I wrote a neural network and was glad to see it perform well learning XOR and other basic functions, but scaling it to recognize handwritten characters introduced more unpredictable performance. It demonstrated some successes polluted with frequent rounds of complete nonsense; series where the success rate was worse than even a random guess.
To try to get a better grasp of exactly what was happening, I wrote a test to graph performance as the network scaled from 10 – 200 neurons per input and hidden layer. The function being taught was constant and always with 5,000 training iterations. The graph generated gave me no answers, just more confusion! There seemed to be about a 50/50 chance of relative success or complete failure, nothing in between. Also, subsequent runs saw different results at each size.

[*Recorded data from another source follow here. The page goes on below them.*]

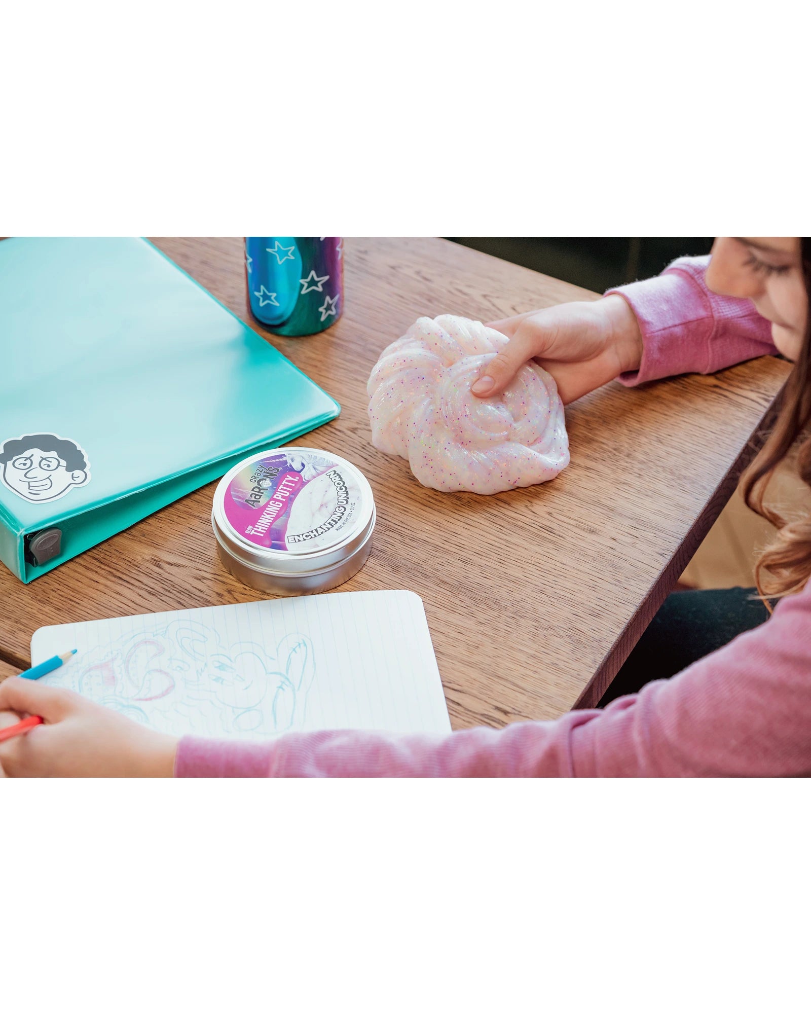 A mythical symbol of beauty and strength, the unicorn has fascinated people throughout the ages. Believe in magic with Enchanting Unicorn Thinking Putty®. It charms with a rainbow of neon confetti, shines with golden glitter, and glows a pretty pink in the dark.
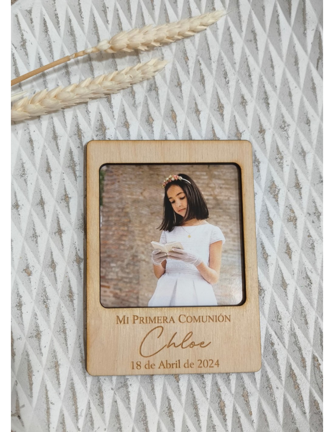 Portafotos de madera estilo Polaroid para entregar como recuerdo de Primera Comunión a familiares y amigos.
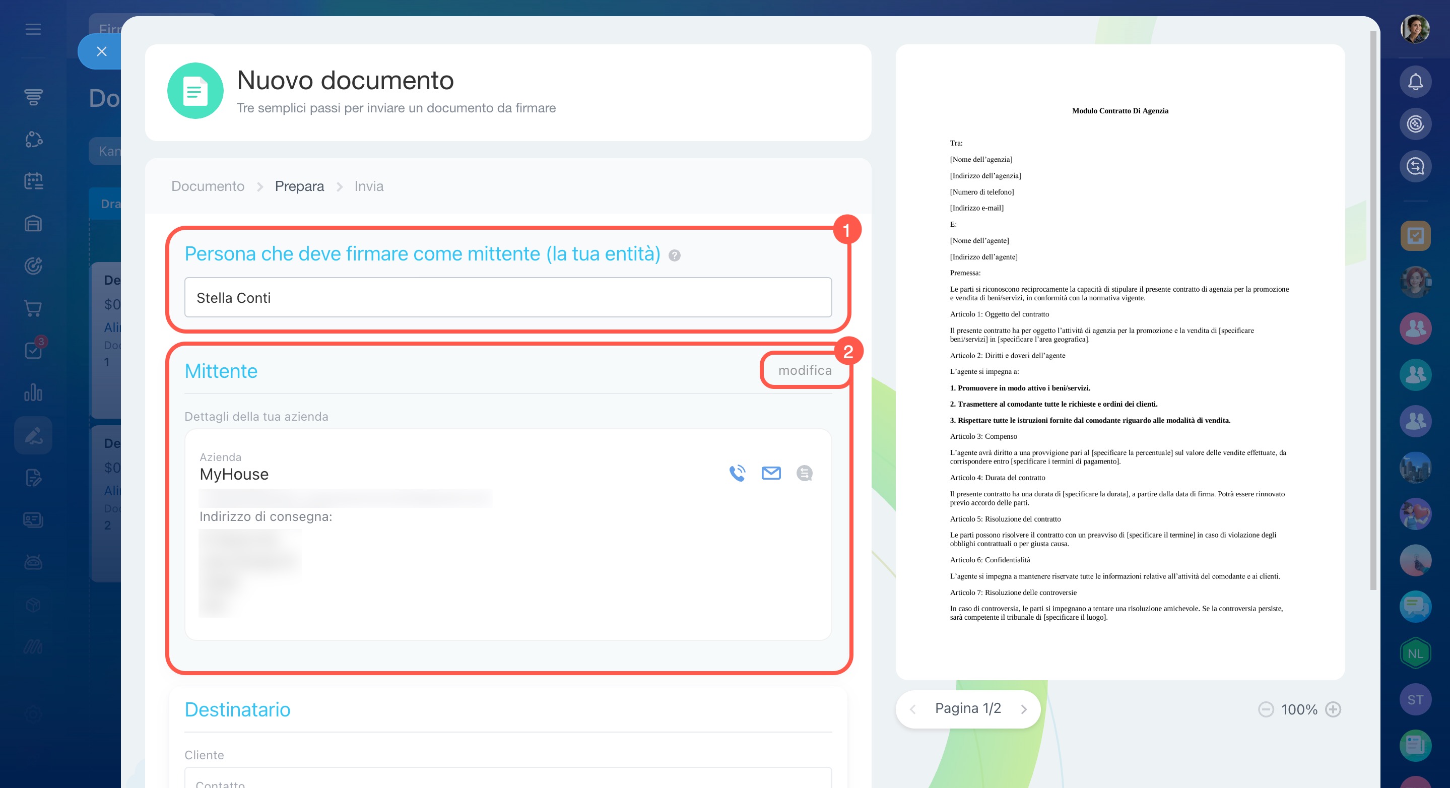 Indica chi firmerà il documento per conto della tua azienda e del destinatario. Può essere il direttore oppure un altro dipendente autorizzato.

After some research I became suspicious of local minima. The larger and more complex a network and data set become, the greater chance of getting stuck in a local minimum of the function. After some trial and error and about a dozen hours of testing (one complete run through this test takes ~3 hours) a hint on Stackoverflow encouraged me to decrease the learning rate. Ultimately, that was the winning tip. The graph above was generated with a learning rate of 0.5 and momentum coefficient of 0.3. Decreasing those to 0.2 and 0.1, respectively, yielded much better results; nearly perfect scores.
“Check out” the whole project on Github. The test that generates these graphs can be seen in test.py, method testLargerNetworks().